INPUT DATA
-------------------------

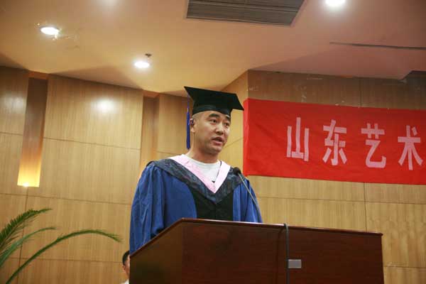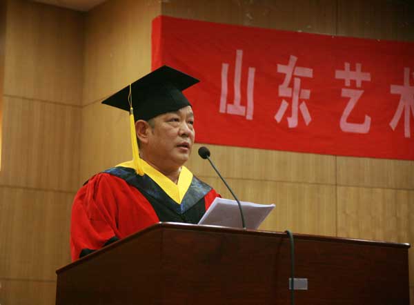 张志民院长在典礼上讲话。他首先代表学校领导和全体师生向经刻苦学习、勤奋实践获得硕士学位的154位同学表示热烈的祝贺。他简要回顾了我校研究生办学情况,指出我校自1999年招收首届“科学学位”研究生以来,研究生教育事业取得飞速的发展,尤其近两年,我校的研究生教育按照“坚持科学发展、强化内涵建设”的指导思想,不断推进学位与研究生教育的服务和管理工作。2011年,我校研究生培养中的三大支柱学科——音乐、美术、戏剧,又被教育厅评为全省“十二五”规划的重点学科;2012年我校在职艺术硕士招生计划较往年有了较大突破。我们的毕业生也正在国家的文教及其它领域中发挥着越来越重要的作用,他们以突出的艺术成就和艺术理论研究成果,以及显著的工作业绩,赢得了社会的广泛赞誉,印证了山东艺术学院过硬的研究生教育水平和培养质量。他希望同学们第一要心存理想、做一个求知者。第二要端正人品,做一名生活的强者。第三要热爱生活,做一名感恩者。并寄语同学们牢记母校“闳约深美”的校训,毕业后在各自的艺术领域里不断取得新的佳绩,为母校赢得更大的荣誉,为社会做出更大的贡献。
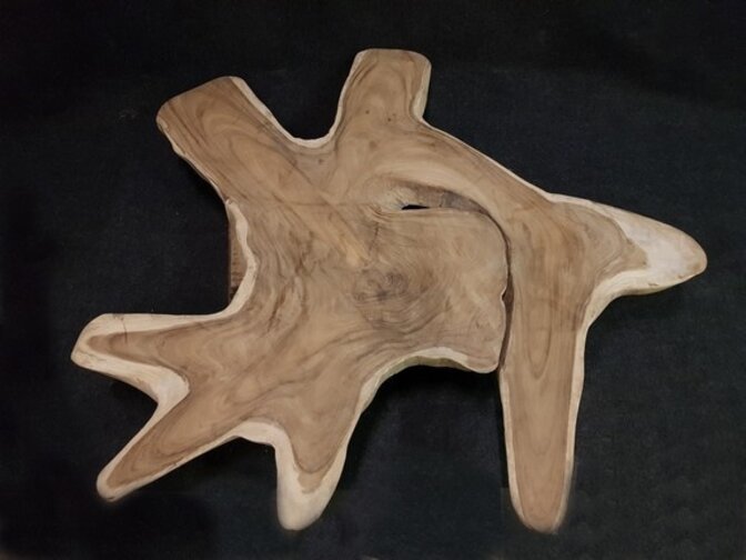 Unsere extravagante Baumstammtischplatte wurde aus einer massiven Suar-Baumscheibe gefertigt.
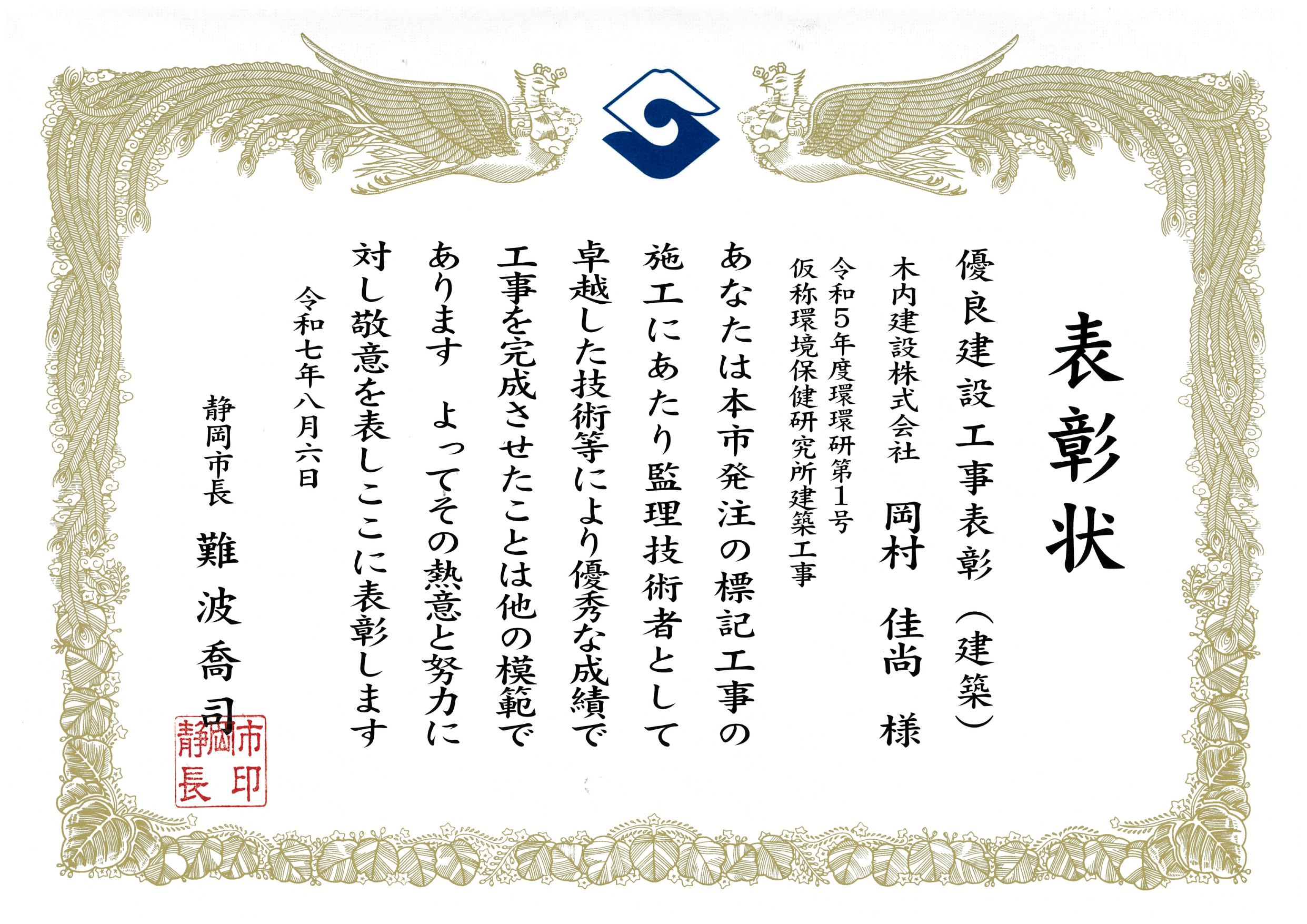 静岡市優良建設工事 (技術者) 木内建設(株) 岡村 佳尚

-------------------------

ABOUT THIS TASK
Could the material above be written out again word for word, with the pictures dropped?

SOLUTION TO THIS TASK
 张志民院长在典礼上讲话。他首先代表学校领导和全体师生向经刻苦学习、勤奋实践获得硕士学位的154位同学表示热烈的祝贺。他简要回顾了我校研究生办学情况,指出我校自1999年招收首届“科学学位”研究生以来,研究生教育事业取得飞速的发展,尤其近两年,我校的研究生教育按照“坚持科学发展、强化内涵建设”的指导思想,不断推进学位与研究生教育的服务和管理工作。2011年,我校研究生培养中的三大支柱学科——音乐、美术、戏剧,又被教育厅评为全省“十二五”规划的重点学科;2012年我校在职艺术硕士招生计划较往年有了较大突破。我们的毕业生也正在国家的文教及其它领域中发挥着越来越重要的作用,他们以突出的艺术成就和艺术理论研究成果,以及显著的工作业绩,赢得了社会的广泛赞誉,印证了山东艺术学院过硬的研究生教育水平和培养质量。他希望同学们第一要心存理想、做一个求知者。第二要端正人品,做一名生活的强者。第三要热爱生活,做一名感恩者。并寄语同学们牢记母校“闳约深美”的校训,毕业后在各自的艺术领域里不断取得新的佳绩,为母校赢得更大的荣誉,为社会做出更大的贡献。
 Unsere extravagante Baumstammtischplatte wurde aus einer massiven Suar-Baumscheibe gefertigt.
 静岡市優良建設工事 (技術者) 木内建設(株) 岡村 佳尚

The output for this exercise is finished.